BEGIN GIVEN RECORDS
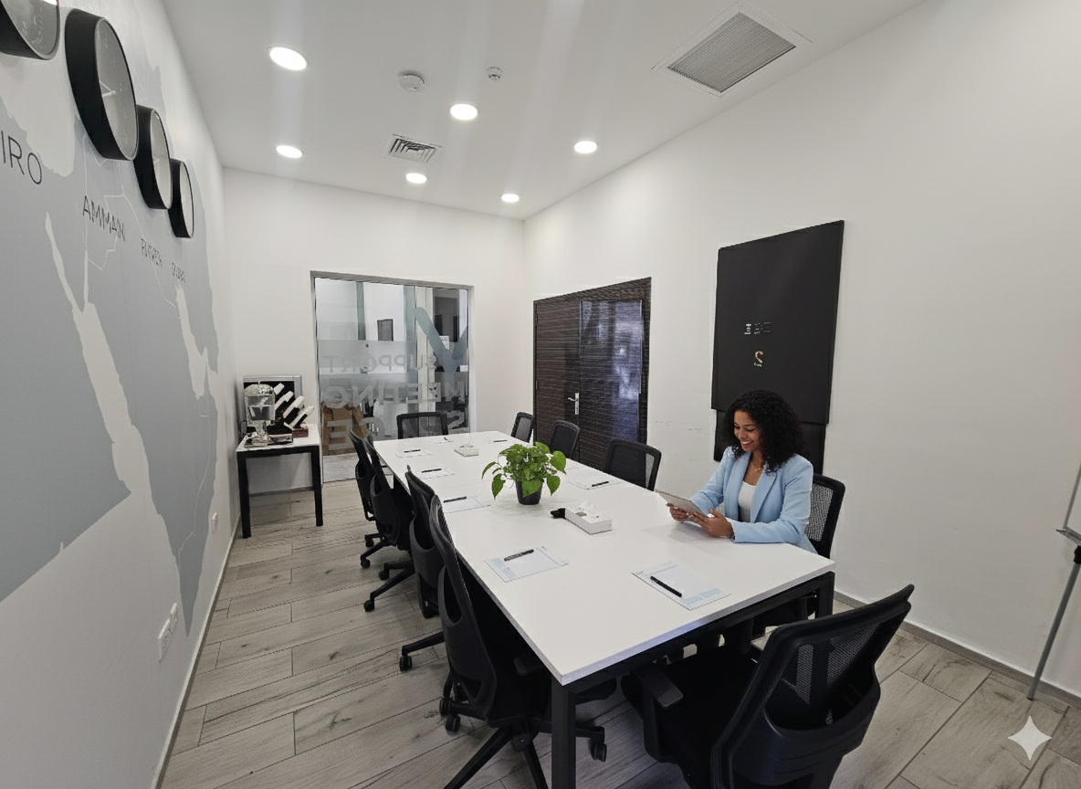 تم تصميم هذه الغرفة الحديثة لتعزيز روح التعاون والإنتاجية. تحتوي على طاولة اجتماعات أنيقة مع مقاعد مريحة تتسع لعدة أشخاص، مما يجعلها مثالية لاجتماعات الفرق أو لقاءات العملاء. يضفي التصميم البسيط وديكور خريطة العالم والفواصل الزجاجية أجواءً مهنية وجذابة، كما توفر زاوية الضيافة راحة إضافية للمشاركين.
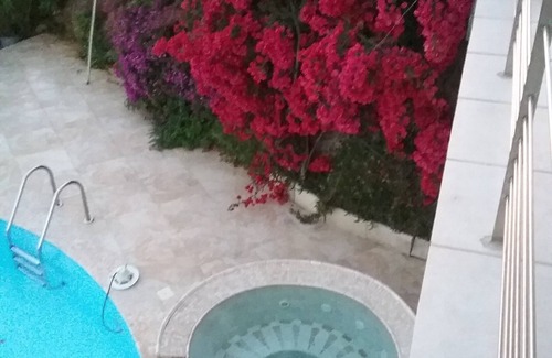 - Large terrace overlooking the pool with a covered area. Has sunbathing.
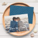 Die Blue Waves Full Foto Save the Date-Karte weist ein blaues Wellenmuster auf der Rückseite auf. Personalisieren Sie es, indem Sie den Platzhalter-Text ersetzen und das Foto für die Auswahl/den Platzhalter durch Ihr eigenes Foto ersetzen. Für weitere Optionen, wie zum Beispiel den Schriftart zu ändern und ihn zu vergrößern oder zu verändern, klicken Sie auf den Button "Anpassen". *Bitte beachten Sie, dass das Zazzle-Wasserzeichen, das in der Zoomvorschau angezeigt wird, NICHT auf dem gedruckten Endprodukt erscheint. © Rosewood and Citrus
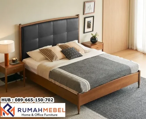 Dibangun dari kayu jati solid yang berkualitas unggul, material ini terkenal karena ketahanannya, daya tahan yang lama, dan keamanannya terhadap serangan rayap. Struktur serat kayunya memberikan suasana hangat yang langsung terasa di dalam ruangan. Didesain dengan kaki-kaki yang ramping tetapi kuat, ini menciptakan ilusi luas pada ruang dan mempermudah dalam membersihkan bagian bawah tempat tidur. Dilengkapi dengan headboard kulit hitam yang memiliki jahitan aksen kotak-kotak, memberikan nuansa maskulin, mewah, dan sangat nyaman untuk bersandar saat membaca buku atau menikmati TV.
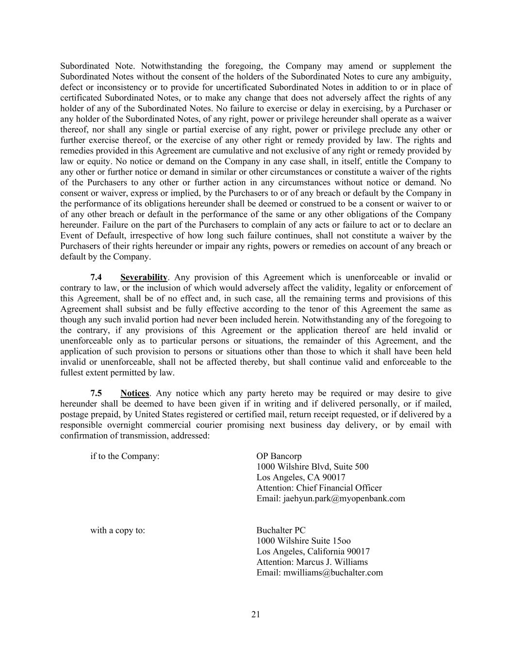 21 Subordinated Note. Notwithstanding the foregoing, the Company may amend or supplement the Subordinated Notes without the consent of the holders of the Subordinated Notes to cure any ambiguity, defect or inconsistency or to provide for uncertificated Subordinated Notes in addition to or in place of certificated Subordinated Notes, or to make any change that does not adversely affect the rights of any holder of any of the Subordinated Notes. No failure to exercise or delay in exercising, by a Purchaser or any holder of the Subordinated Notes, of any right, power or privilege hereunder shall operate as a waiver thereof, nor shall any single or partial exercise of any right, power or privilege preclude any other or further exercise thereof, or the exercise of any other right or remedy provided by law. The rights and remedies provided in this Agreement are cumulative and not exclusive of any right or remedy provided by law or equity. No notice or demand on the Company in any case shall, in itself, entitle the Company to any other or further notice or demand in similar or other circumstances or constitute a waiver of the rights of the Purchasers to any other or further action in any circumstances without notice or demand. No consent or waiver, express or implied, by the Purchasers to or of any breach or default by the Company in the performance of its obligations hereunder shall be deemed or construed to be a consent or waiver to or of any other breach or default in the performance of the same or any other obligations of the Company hereunder. Failure on the part of the Purchasers to complain of any acts or failure to act or to declare an Event of Default, irrespective of how long such failure continues, shall not constitute a waiver by the Purchasers of their rights hereunder or impair any rights, powers or remedies on account of any breach or default by the Company. 7.4 Severability. Any provision of this Agreement which is unenforceable or invalid or contrary to law, or the inclusion of which would adversely affect the validity, legality or enforcement of this Agreement, shall be of no effect and, in such case, all the remaining terms and provisions of this Agreement shall subsist and be fully effective according to the tenor of this Agreement the same as though any such invalid portion had never been included herein. Notwithstanding any of the foregoing to the contrary, if any provisions of this Agreement or the application thereof are held invalid or unenforceable only as to particular persons or situations, the remainder of this Agreement, and the application of such provision to persons or situations other than those to which it shall have been held invalid or unenforceable, shall not be affected thereby, but shall continue valid and enforceable to the fullest extent permitted by law. 7.5 Notices. Any notice which any party hereto may be required or may desire to give hereunder shall be deemed to have been given if in writing and if delivered personally, or if mailed, postage prepaid, by United States registered or certified mail, return receipt requested, or if delivered by a responsible overnight commercial courier promising next business day delivery, or by email with confirmation of transmission, addressed: if to the Company: OP Bancorp 1000 Wilshire Blvd, Suite 500 Los Angeles, CA 90017 Attention: Chief Financial Officer Email: jaehyun.park@myopenbank.com with a copy to: Buchalter PC 1000 Wilshire Suite 15oo Los Angeles, California 90017 Attention: Marcus J. Williams Email: mwilliams@buchalter.com
END GIVEN RECORDS
-- DESCRIPTION OF THE TASK --
Write out the listing again word for word, but without its pictures.

-- EXERCISE OUTPUT --
 تم تصميم هذه الغرفة الحديثة لتعزيز روح التعاون والإنتاجية. تحتوي على طاولة اجتماعات أنيقة مع مقاعد مريحة تتسع لعدة أشخاص، مما يجعلها مثالية لاجتماعات الفرق أو لقاءات العملاء. يضفي التصميم البسيط وديكور خريطة العالم والفواصل الزجاجية أجواءً مهنية وجذابة، كما توفر زاوية الضيافة راحة إضافية للمشاركين.
 - Large terrace overlooking the pool with a covered area. Has sunbathing.
 Die Blue Waves Full Foto Save the Date-Karte weist ein blaues Wellenmuster auf der Rückseite auf. Personalisieren Sie es, indem Sie den Platzhalter-Text ersetzen und das Foto für die Auswahl/den Platzhalter durch Ihr eigenes Foto ersetzen. Für weitere Optionen, wie zum Beispiel den Schriftart zu ändern und ihn zu vergrößern oder zu verändern, klicken Sie auf den Button "Anpassen". *Bitte beachten Sie, dass das Zazzle-Wasserzeichen, das in der Zoomvorschau angezeigt wird, NICHT auf dem gedruckten Endprodukt erscheint. © Rosewood and Citrus
 Dibangun dari kayu jati solid yang berkualitas unggul, material ini terkenal karena ketahanannya, daya tahan yang lama, dan keamanannya terhadap serangan rayap. Struktur serat kayunya memberikan suasana hangat yang langsung terasa di dalam ruangan. Didesain dengan kaki-kaki yang ramping tetapi kuat, ini menciptakan ilusi luas pada ruang dan mempermudah dalam membersihkan bagian bawah tempat tidur. Dilengkapi dengan headboard kulit hitam yang memiliki jahitan aksen kotak-kotak, memberikan nuansa maskulin, mewah, dan sangat nyaman untuk bersandar saat membaca buku atau menikmati TV.
 21 Subordinated Note. Notwithstanding the foregoing, the Company may amend or supplement the Subordinated Notes without the consent of the holders of the Subordinated Notes to cure any ambiguity, defect or inconsistency or to provide for uncertificated Subordinated Notes in addition to or in place of certificated Subordinated Notes, or to make any change that does not adversely affect the rights of any holder of any of the Subordinated Notes. No failure to exercise or delay in exercising, by a Purchaser or any holder of the Subordinated Notes, of any right, power or privilege hereunder shall operate as a waiver thereof, nor shall any single or partial exercise of any right, power or privilege preclude any other or further exercise thereof, or the exercise of any other right or remedy provided by law. The rights and remedies provided in this Agreement are cumulative and not exclusive of any right or remedy provided by law or equity. No notice or demand on the Company in any case shall, in itself, entitle the Company to any other or further notice or demand in similar or other circumstances or constitute a waiver of the rights of the Purchasers to any other or further action in any circumstances without notice or demand. No consent or waiver, express or implied, by the Purchasers to or of any breach or default by the Company in the performance of its obligations hereunder shall be deemed or construed to be a consent or waiver to or of any other breach or default in the performance of the same or any other obligations of the Company hereunder. Failure on the part of the Purchasers to complain of any acts or failure to act or to declare an Event of Default, irrespective of how long such failure continues, shall not constitute a waiver by the Purchasers of their rights hereunder or impair any rights, powers or remedies on account of any breach or default by the Company. 7.4 Severability. Any provision of this Agreement which is unenforceable or invalid or contrary to law, or the inclusion of which would adversely affect the validity, legality or enforcement of this Agreement, shall be of no effect and, in such case, all the remaining terms and provisions of this Agreement shall subsist and be fully effective according to the tenor of this Agreement the same as though any such invalid portion had never been included herein. Notwithstanding any of the foregoing to the contrary, if any provisions of this Agreement or the application thereof are held invalid or unenforceable only as to particular persons or situations, the remainder of this Agreement, and the application of such provision to persons or situations other than those to which it shall have been held invalid or unenforceable, shall not be affected thereby, but shall continue valid and enforceable to the fullest extent permitted by law. 7.5 Notices. Any notice which any party hereto may be required or may desire to give hereunder shall be deemed to have been given if in writing and if delivered personally, or if mailed, postage prepaid, by United States registered or certified mail, return receipt requested, or if delivered by a responsible overnight commercial courier promising next business day delivery, or by email with confirmation of transmission, addressed: if to the Company: OP Bancorp 1000 Wilshire Blvd, Suite 500 Los Angeles, CA 90017 Attention: Chief Financial Officer Email: jaehyun.park@myopenbank.com with a copy to: Buchalter PC 1000 Wilshire Suite 15oo Los Angeles, California 90017 Attention: Marcus J. Williams Email: mwilliams@buchalter.com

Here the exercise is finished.